This subproject addresses some theoretical issues that have arisen in the course of our work on this project. We have completed a substantial paper on the nonparametric estimation of the spectral density of an isotropic spatial process based on scattered observations, taken from the completed doctoral thesis of Haky Im. We are continuing our investigation of simple and computationally efficient methods for obtaining accurate predictive inferences for Gaussian processes with unknown parameters in the covariance function. We are presently exploring the use of Edgeworth expansions for comparing various approaches to this problem as well as applying the methods to large space-time datasets to assess their effectiveness.

Some new efforts focus on fixed-domain asymptotics (in which the number of observations in a fixed and bounded region tends to infinity), which is the natural asymptotic approach for high density spatial data. With Ji Meng Loh (who is not connected to CISES), Michael Stein has written a paper on asymptotic properties of bootstrap estimates of variance for spatial variograms. The paper contains the first theoretical results we are aware of for bootstrapping under fixed-domain asymptotics. Chae Young Lim has recently obtained a number of fixed-domain asymptotic results on the behavior of spatial periodograms and cross-periodograms, including central limit theorems for smoothed spatial cross-periodograms. PI: Michael Stein. Graduate students: Chae Young Lim, Darongsae Kwon.

G. Statistical Approaches to Numerical Model Errors

A highly idealized advection-diffusion system with random point sources has been studied as a testbed for errors in the air quality model. Capitalizing on the linearity of the problem, we have evaluated the relative importance of truncation errors, errors in the advecting winds, and multiplicative effects of errors in the presence of nonlinear chemistry. Distribution of errors has been shown to depend on model resolution, numerical diffusion, magnitude of wind speed, and the density of source distribution. The result is being written up in a manuscript to be submitted to Journal of Geophysical Research. We are also pursuing theoretical studies of the statistical nature of model errors, including limit theorems as the density of point sources increases.

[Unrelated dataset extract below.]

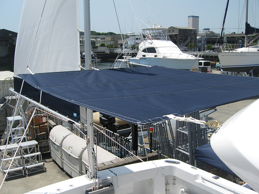 前幅1.75m×後幅1.9m×長さ2.2mサイズのバテンオーニングをサンブレラ生地で製作しスパンカーマストを利 用して装備しました。

PIs: Noboru Nakamura, Michael Stein. Graduate student: Chae-Young Lim.

Results to Date

A. Space-Time Covariance Functions. We have completed work on space-time models for total column ozone at a single latitude that respects the space-time structure of the observations and provides means for capturing the seasonality in the dependence structure. Moving next to modeling the spatial variation in total column ozone at all latitudes simultaneously, we have had some success in fitting axially symmetric models that capture the large differences in covariance structure at different latitudes. O ne of our postdoctoral research associates, Zepu Zhang, following up on work in his doctoral thesis, has completed a paper on space-time models for rain gauge data, which has been accepted for publication at Water Resources Research.

B. Comparing CMAQ Output to Monitoring Data. We have refined our numerical and graphical approaches to describing the discrepancies between CMAQ output and observations of hourly ozone levels. In addition, we have applied our methods to CMAQ runs done by EPA for the Atlanta area; our methods show that the entire Atlanta area behaves more like the nonurban region in Chicago in terms of model/data comparisons. A draft manuscript of this work is available, which should be ready for submission in the near future.

C. Statistical Issues Arising in the Study of High-Resolution Versions of CMAQ. Our results show substantial discrepancies between high and low resolution CMAQ outputs, even when the boundary and initial conditions for the chemistry of the runs are identical. While the discrepancies tend to increase the longer the models are allowed to evolve from their initial conditions, the discrepancies are quite noticeable after even 1 hour, indicating that lack of resolution can be a major source of model error in CMAQ and suggesting that even if data assimilation occurs at an hourly time step, accounting for model error will still be important.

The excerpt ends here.